Going with my gut was sort of the theme of my existence yesterday. There is a rather pressing decision on my current horizon of whether or not I should join my family in the Bahamas. Of course I want to go, but money is an issue, plus, I am still trying desperately to stay put, get a job, and be normal. My very understanding and intuitive flat mate, who would be joining me on this excursion, told me to simply, 'follow your gut...what does it tell you?'
I meditated on those words all day, and began wondering how they might apply in my super open-ended and commitment-less life right now. Those words spurred me to wander into the local travel store, Flight 101, and apply for a job; something I have been doing very frequently since my arrival in SF three weeks ago. These hopeful applications have led me nowhere. However, these half-hearted inquisitions about a job lead me to an interview on Monday!

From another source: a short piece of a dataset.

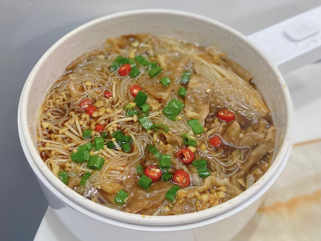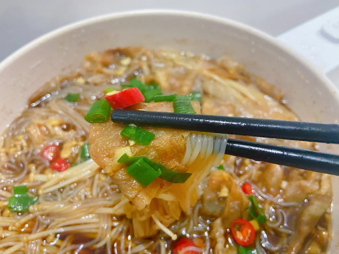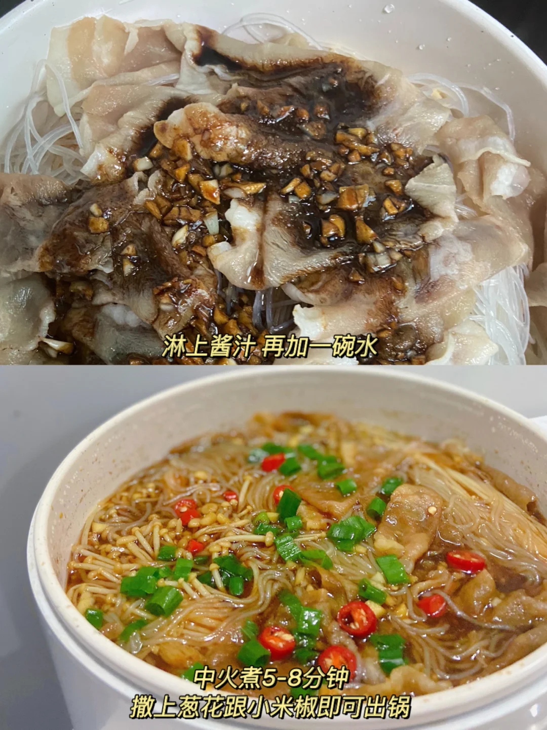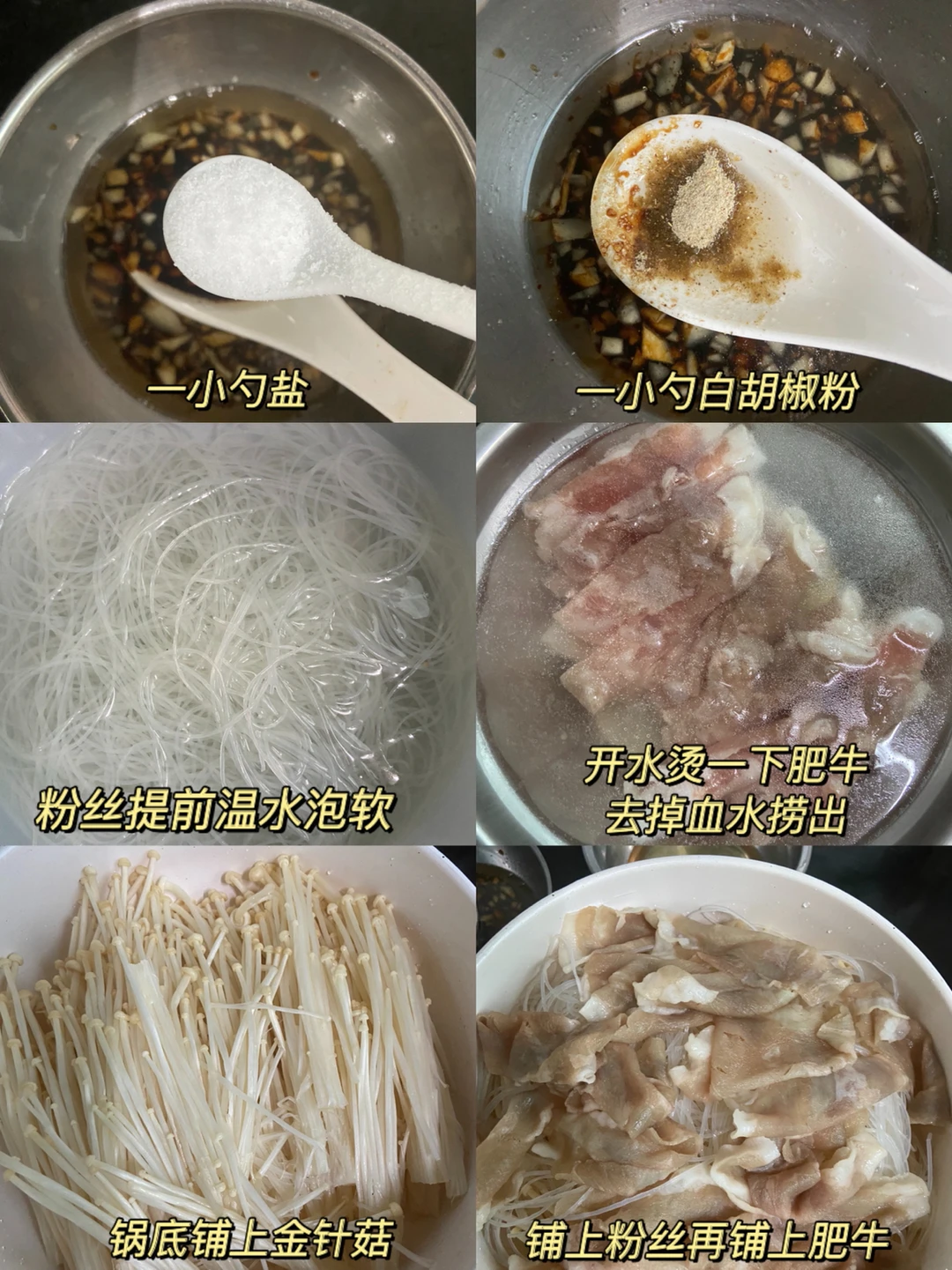 4️⃣锅底铺上金针菇 再放上泡好的粉丝 肥牛 淋上酱汁 再加一碗水 中火煮5-8分钟

Then Molly and Michael were going to attend a story-telling session that evening called Porchlight. Again, I wanted to go, but felt incredibly guilty spending the twelve bucks on my enjoyment and entertainment. It did not ease my conscience when Molly equated it to a movie...something I love, but have been restricting to the walls of my flat because I cannot rationalize paying so much for the ticket. I had been pondering my attendance of Porchlight all day and something kept nudging me toward it, I just had a feeling that it was an important event to attend. Finally, I threw caution to the wind, and decided to go.
Molly and Michael paid at the door, and I dug out my last twelve dollars, flattened out the crinkles, and handed them over for a measly tiny red stamp. But then, just as I surrendered my money a round, jolly Hispanic man with trendy Ray-Ban type glasses piped in and said, 'take your money back. I have donated two tickets that have not been used yet. You take one.' I danced as I received my free stamp and grabbed this stranger's shoulder thanking him profusely. He did not seem very phased by my gratitude, but my gut was on a roll.
Once I got in for free I could not shake this feeling that it was not over. The program began and the announcer women said, 'Who has never been to Porchlight before?' I raised my hand. She continued, 'Ok, be sure to put your name in the hat at the break and you could be chosen to present a three minute story.' My stomach grew wings and fluttered into my throat, bumping into my heart along the way. I knew this was why my gut was still tugging at me. As Derrick Brown took the stage I began milling over what story I could share about Reinvention: Stories of the New Me, which was the theme of the night. Luckily Mr. Brown was a hilarious and charismatic speaker, otherwise my mind would have been wrapped up in my own stories and I would have basically missed the show.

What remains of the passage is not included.